Saturday, September 3, 2016

Does economic growth really lift the poor?

It has been a matter of intense debate since the 1950s to date that the economic growth and development also positively affects the poor population. As the socio economic inequality increases in the initial period of the development of the country, the economic growth does little in reducing poverty (Kuznets (1955). But economic growth is unequally distributed and effects of growth on poverty reduction will be less or more depending on whether the incomes of the poor grow by less or more than average (Deaton, 2003).

In fact, the economic growth plays vital role in reducing poverty at large scale, but economic growth is not a magic bullet to reduce poverty. Within the past decades in China, consistent economic growth has lifted more than 20 percent of the poor population out of poverty. Nearly 250 million poor people were out of poverty, but the income inequality during the same period of time has doubled. The income and wealth gap between urban and rural communities in China is highest in the world. Life expectancy of an urban Chinese person is 5 years more than his rural counterpart. In highly developed provinces, the literacy rate is significantly high but, there are many provinces including Tibet, where merely half of the populations are able to read and write (UNDP, 2005).

Even the success of reducing poverty in the East Asian countries, Japan, South Korea, Taiwan and Singapore is largely based on policies ranging from land reform, universal basic education, public housing and primary health care system. This is also true in most part of the world that the nature of the political economy is also responsible for creating more poor people and more inequality in the country.  When the inequality is high, the rich use their wealth to secure outcomes favorable to their interests, influencing everything from government spending in the area of higher education rather the primary education, using tariffs and protection mechanism in trade to maintain monopolies, private health service provisions and its concentration in the urban areas (Perkins, Radelet, Lindauer 20006).

Even global economic impact affects the poor population locally in a significant manner. The number of people living in extreme poverty in 2009 is expected to be 55 million to 90 million higher than originally anticipated before the global economic crisis (MDG, 2009). This shows that poverty is not static but a new set of group falls in the poverty while the effort of reducing poverty goes on. There are many studies (Krishna 2007) that show that there are significant numbers of people falling into poverty while at the same time people coming out from the poverty. The debate of falling and coming out has its own importance in recognizing effective measures to address the poverty. But, The poverty is relative term and this ‘can not be understood unless in relation to how others in society live( Haskins and Sawhill,2009).
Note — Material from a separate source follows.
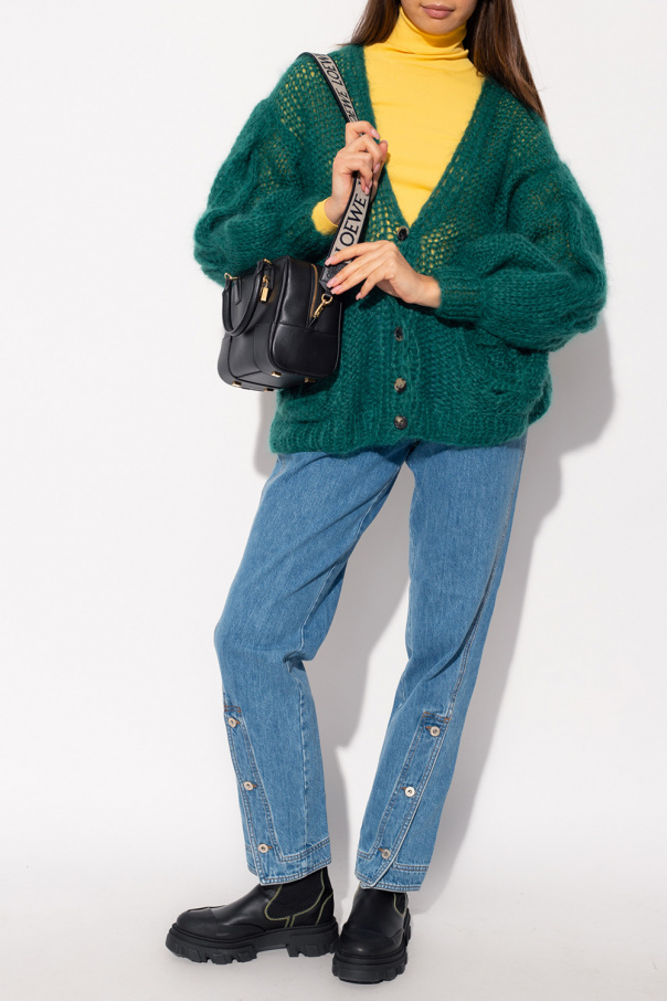Green cardigan from Loewe. Fastened with buttons, this V-neck design features a logo embroidery at the back and long puff sleeves.

The poverty travels from one generation to another generation with the same nature or may be in the worse form. The changes in the education and professional status in the poor families within a generation is still a distant dream. Having food, shelter and clothing that meet basic needs of poor people not just sufficient to move up in the social and economic ladder, the most important to provide and give their children a greater opportunities  (Uphoff, 2005). I did a study in my Master course during Duke University, interviewed 300 families in Rajasthan state in India, which clearly shows that there is no major change between the father and son professions. Here, the change in the profession has been evaluated on the basis of income and status. The good news is that the educational level of the son has been improved in comparison with the father education level.
  
This has also been studied in the United States , where ‘42 percent of American sons whose fathers had earning in the lowest quintile remained stuck at the bottom, and slightly smaller fraction of American sons rise from the very bottom to very high’ (Haskins and Sawhill,2009). In this kind of socio economic situation in major part of the world give new insight to understand the complexity of poverty and its impact over the health.